Personal information
- Full name: Drew Yates
- Date of birth: May 14, 1988 (age 38)
- Place of birth: Severna Park, Maryland, United States
- Height: 6 ft 1 in (1.85 m)
- Positions: Midfielder; forward;

Youth career
- 2001–2006: Casa Mia's Bays
- 2004: IMG Soccer Academy

College career
- Years: Team / Apps / (Gls)
- 2006–2009: Maryland Terrapins / 92 / (14)

Senior career*
- Years: Team / Apps / (Gls)
- 2010: FC Tampa Bay / 14 / (0)
- 2011–2012: Harrisburg City Islanders / 21 / (1)
- 2013–2014: Charlotte Eagles / 49 / (6)
- 2015: Austin Aztex / 21 / (2)
- 2019–2020: Stumptown Athletic / 4 / (1)

International career^{‡}
- 2004: United States U17 / 2 / (0)

Managerial career
- 2014: Davidson Wildcats (assistant)
- 2021: Stumptown AC (assistant)

= Drew Yates =

American soccer player (born 1988)

Drew Yates (born May 14, 1988, in Severna Park, Maryland) is an American soccer player.

==Career==

===College and amateur===
Yates attended Archbishop Curley High School and DeMatha High School, played club soccer for the two-time national champion Casa Mia's Bays, and later attended the U.S. Soccer Residency Program in Bradenton, Florida. He was named the Washington Post Player of the Year and the Maryland Gatorade Player of the Year in 2006 and was a three-time NSCAA All-American.

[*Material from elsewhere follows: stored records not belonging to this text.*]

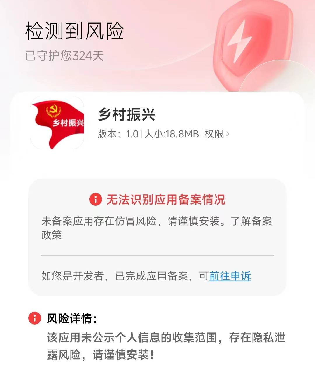 安装时,手机提示该应该未备案,存在仿冒风险,同时提示该应该未公示个人信息的搜集范围,存在隐私泄露风险,请谨慎安装。
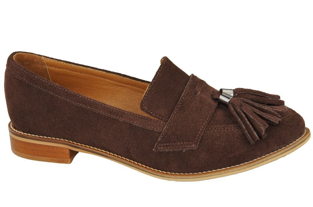 Obuwie Mokasyny Damskie Skóra Naturalna Welurowa Czekoladowy 134 ElitaBut
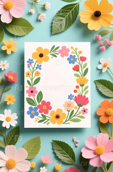 Коллекция ярких бумажных цветов окружает пустую открытку, приглашая сердечные сообщения Generative AI
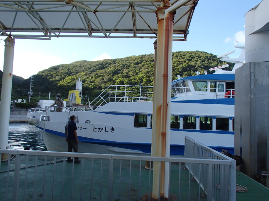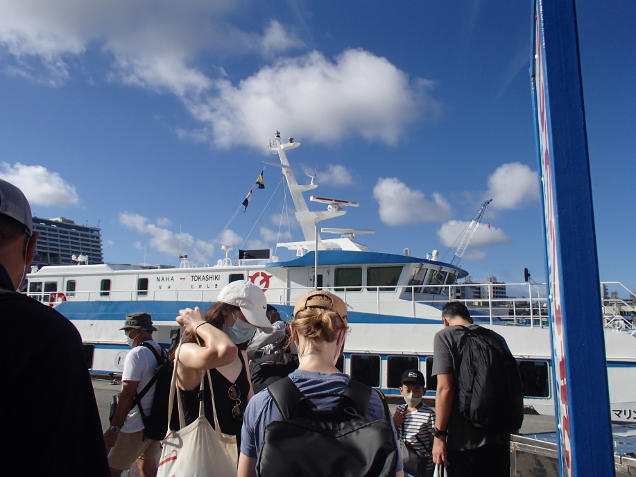 波が高いので、航路も変更して迂回するルートを通って行き、10分遅れで渡嘉敷島に到着しました。
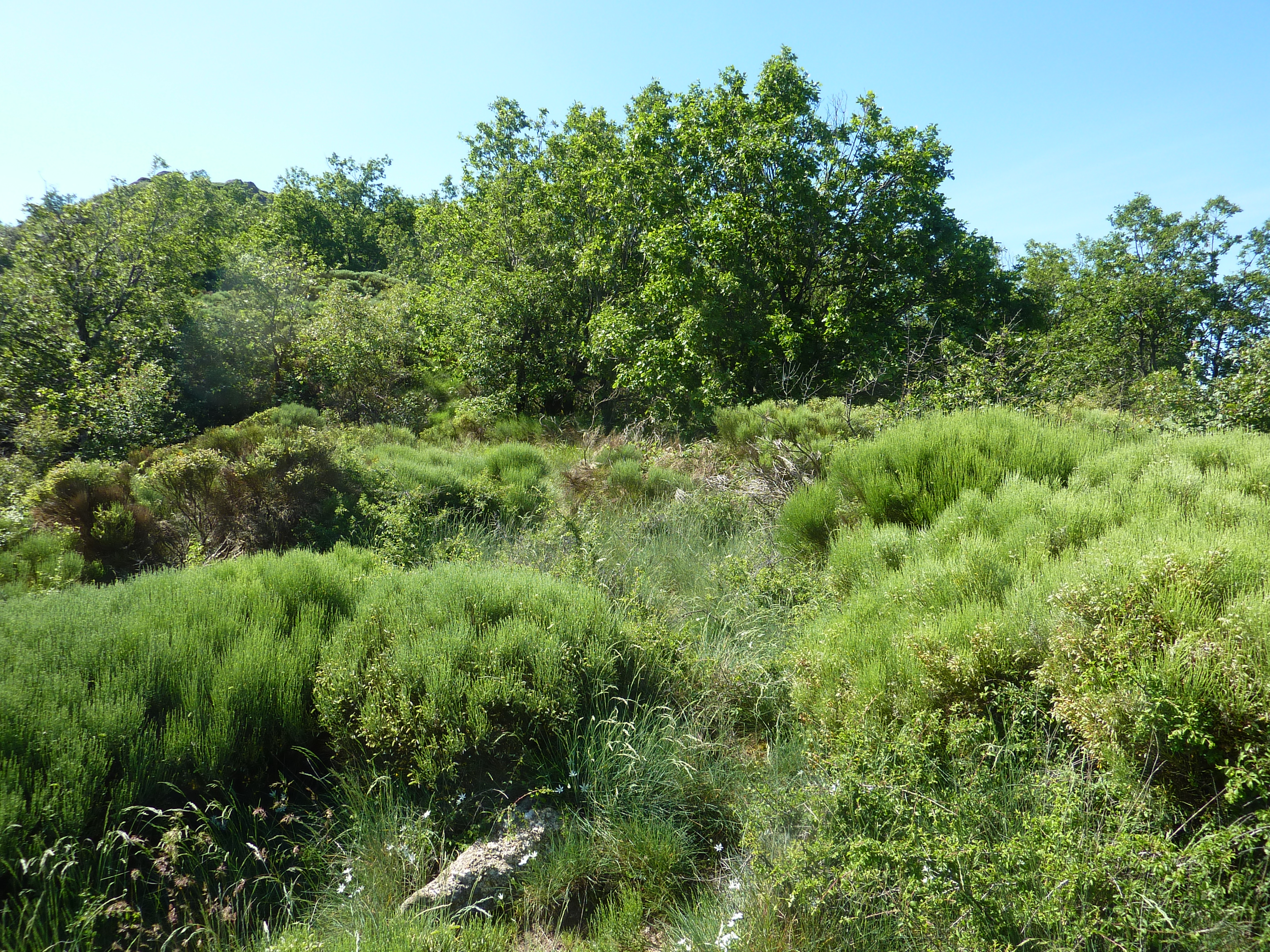 - Progression de la fin du GR6 jusqu'au sommet de la Truque de Blaquisses hors sentier à travers la végétation (il ne subsiste qu'une trace où la végétation a repris ses droits) : pantalon long conseillé !

He played four years of college soccer at the University of Maryland, and helped them to the NCAA Division I title in 2008. He ended his career at Maryland scoring 14 goals and having 13 assists, totaling 47 points for the squad, and received numerous honors, including ACC All-Academic, Second Team All-Atlantic South Region and Second Team All-ACC selections.

===Professional===
Yates was drafted in the second round (29th overall) of the 2010 MLS SuperDraft by Chicago Fire but was not offered a contract by the team. After a brief trial with Major League Soccer's D.C. United, Yates turned professional in 2010 when he signed for FC Tampa Bay in the USSF Division 2 Professional League. He made his professional debut on April 24, 2010, a game against the NSC Minnesota Stars.

He had a trial with Czech team SK Sigma Olomouc in January 2011.

Yates signed with USL Pro club Harrisburg City Islanders on April 13, 2011. Yates worked at Grace Christian School Bowie after his professional career ended.